For the first time since he told her about what happened with Arthur, Merlin actually feels like they might work out.

"I missed this," he says, when they've cleaned up, together, and are standing in the middle of a pale blue room, staring at what they've accomplished. She's leaning against him, her back to his chest, wet hair soaking his t-shirt, their hands linked, resting on her bump, their son. "I missed you."

"I'm not the one who went away, Merlin," she says, quiet, heavy, and, you are, Merlin thinks. She is.

You knew, he thinks, thinks but does not say.

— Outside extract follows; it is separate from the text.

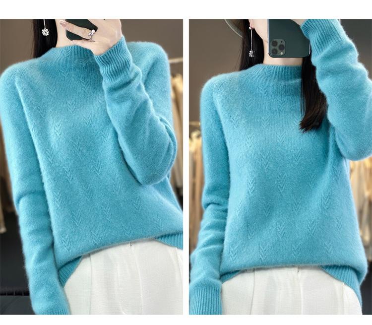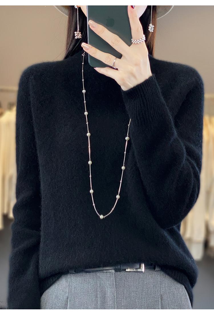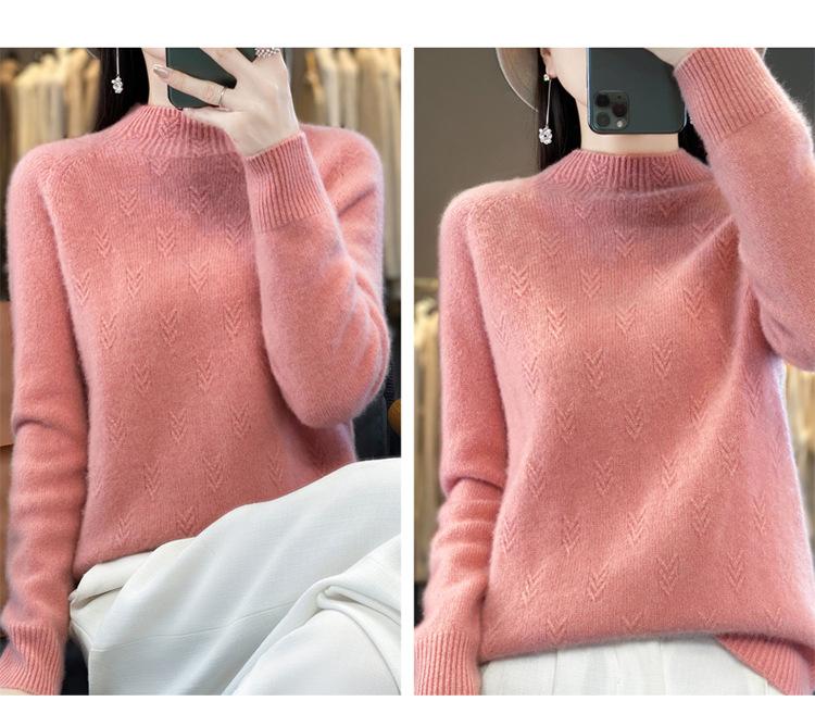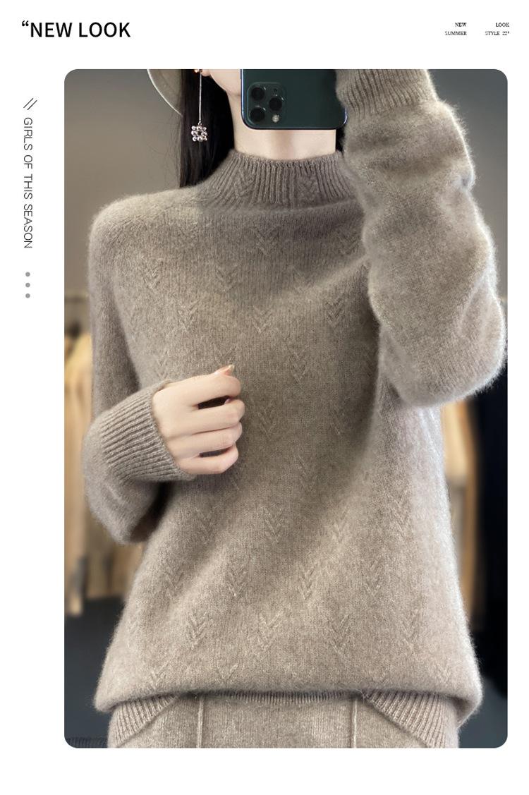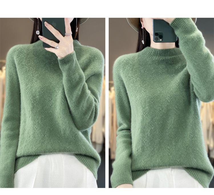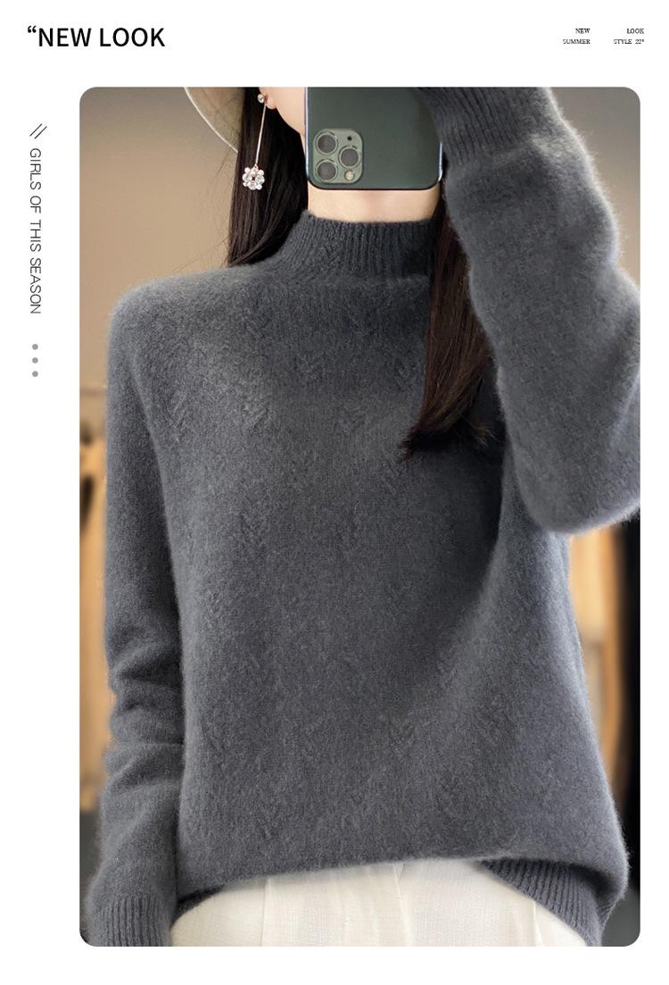 Primera Línea Listo Para Usar Lana Pura Otoño e Invierno 2025 Nuevo Suéter Corto de Cuello Alto Medio para Mujer Ropa de Punto para Fondo
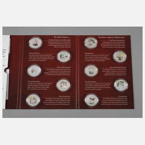 zehn Stück Medaillen, Silber 333, G ca. 14,66 g, mit Motiven deutscher Märchen, darunter Hans im Glück, Der Zaunkönig, König Drosselbart..., mit Relief-Farbveredelung, PP, in Kapsel, in Sammelblister mit Zertifikat.

You knew before I did, and you were fine. You knew for months, and there wasn't distance between us; you knew, and you never told me, you chose not to tell me, you and Arthur took this from me.

"I'm sorry," he says, because it's too late to say anything else, too late to resent the pair of them for the choices they made.

"It's done," she answers, and it's not the same as the it's okay she gave him when he first told her, but it's enough. It's the past, it's done, and they're both still here.

"Yeah," he agrees. "It's done." He presses a kiss to the top of her head, trying not to wonder if she realises just how closely those words echo his thoughts.

X

Waking up in the middle of the night is nothing new to Morgana, not when pregnancy apparently means needing to pee every two hours, but waking up in pain is more recent.

The first time, she thinks her son is just feeling particularly energetic; he always shifts more at night, when she wants to be asleep, kicking and punching and generally making a nuisance of himself more and more as her due date approaches. It hurts, but that's just part of being pregnant; Morgana gets up, not so accidentally bumping Merlin's arm on her way to the bathroom, then gets a glass of water from the kitchen and goes back to bed. Merlin is snoring again when she gets back there, and it's not long before she's sleeping, too.

Then the second wave comes, launching her into wakefulness maybe an hour and a half later, bringing her upright, desperately trying to hold herself together, and she wonders if it's not that, if it's contractions, but it's not really time yet, not yet. It's Braxton-Hicks, she tells herself, then gets up to pee again.

The third time, her water has broken.

"Merlin," she hisses through gritted teeth, then elbows him and yelps when the pain comes again. "Wake up!"

"Ouch," Merlin answers, his jaw cracking as he yawns wider than a tunnel. "What was that for?"

"I'm in labour, you git. Get me to the hospital, now."

With the exception of his rushing after Arthur at the dinner where they announced the pregnancy, Morgana doesn't think she's ever seen him move so fast.